Depuis presque trente ans, Ariane Doublet met en images le pays de Caux. La réalisatrice et documentariste âgée de 57 ans, ancienne élève de la Fémis, livre des histoires humaines et sincères. A l'occasion de la diffusion de son documentaire "Abou le king", France 3 Baie de Seine l'a rencontrée.
Elle a à coeur de parler de ceux que l'on n'évoque jamais, avec, toujours, la Normandie comme point d'ancrage. A 57 ans, impensable pour Ariane Doublet d'imaginer raccrocher la caméra. "Ça fait partie de ma vie, c’est un tout, tout ça s’emboîte", raconte-t-elle. "Faire mes films me permet des rencontres que je ne ferais pas autrement."
Insatiable curiosité
Passage à la retraite d'un agriculteur, urbanisation, accueil des mineurs isolés... Ariane Doublet choisit des sujets toujours ancrés dans l'actualité, au gré de ses rencontres et de ses observations. "Je ne pars pas d’un sujet. Je ne me dis pas 'tiens, qu’est-ce que je pourrais faire comme prochain film, je vais faire un film sur'. C’est toujours 'je vais faire un film sur des gens que j’ai envie de filmer'. Ça me permet d’assouvir une certaine curiosité… Et d’avoir plusieurs vies."
Découvrez le sujet d’A. Develay et A-B. Rombhot :
En 2011, c'est la vue d'un conteneur chinois dans la campagne, près de Goderville (Seine-Maritime), symbole ultime de la mondialisation, qui lui inspire par exemple "La pluie et le beau temps" : "je me suis dit : mais qu'est-ce qu'il fout là ?", se souvient la réalisatrice. "Cette préoccupation environnementale par rapport aux terres agricoles qui disparaissent, c’est parce-qu’ici [dans le pays de Caux, ndlr] j’ai vu les changements depuis 50 ans."
J’aimais bien photographier les gens. Finalement, j’ai fait une école de cinéma. J’ai réalisé mon premier court-métrage en 1995, à l’occasion du centenaire du cinéma.

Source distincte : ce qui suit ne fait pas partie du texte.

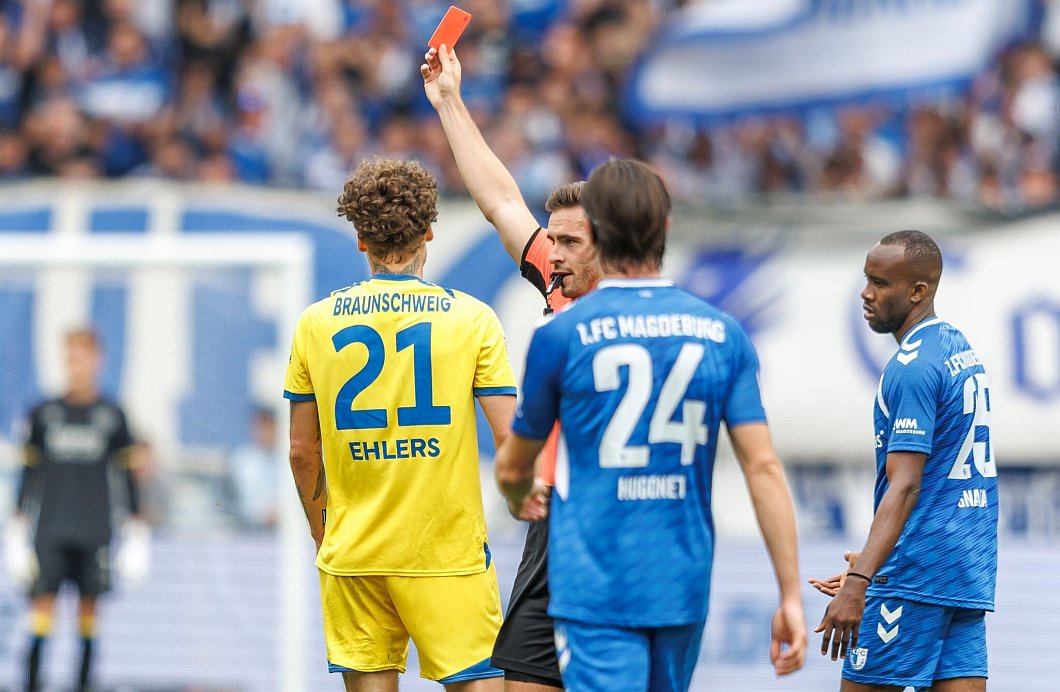 Eintracht Braunschweig hat trotz Unterzahl sein Auftaktspiel in der 2. Fußball-Bundesliga beim 1. FC Magdeburg gewonnen. Im Nachbarschaftsduell setzten sich die Niedersachsen vor 28.780 Zuschauern mit 1:0 (0:0) durch. Das sehenswerte Siegtor erzielte Mehmet Aydin (82. Minute). Zuvor hatte sein Mitspieler Kevin Ehlers die Rote Karte gesehen (54.)

Ariane Doubletà France 3 Normandie
"Au moment du démantèlement de la jungle de Calais", raconte aussi Ariane Doublet, "on a vu ces jeunes de parfois 15-16 ans qui arrivaient au Havre, et qui dormaient à la gare. On sentait qu’il y avait vraiment des gens qui avaient envie de les accueillir." Elle crée alors l'association "Des Lits Solidaires" qu'elle copréside, pour organiser l'accueil des mineurs isolés chez des particuliers. "Comme ça, j’ai rencontré pas mal de jeunes, on en a accueilli à la maison", souligne celle qui a ensuite évoqué le délit de solidarité dans son documentaire "Green Boys" (2019).
Sorti au mois d'avril, "Abou the king", sa nouvelle production, traite des ambitions d'un jeune migrant en exil au Havre, qui se rêve grand couturier. Nouvelle rencontre immortalisée en 52 minutes. "Filmer des gens, c’est une manière extrêmement privilégiée de les connaître, de les rencontrer, de partager avec eux", conclut la documentariste.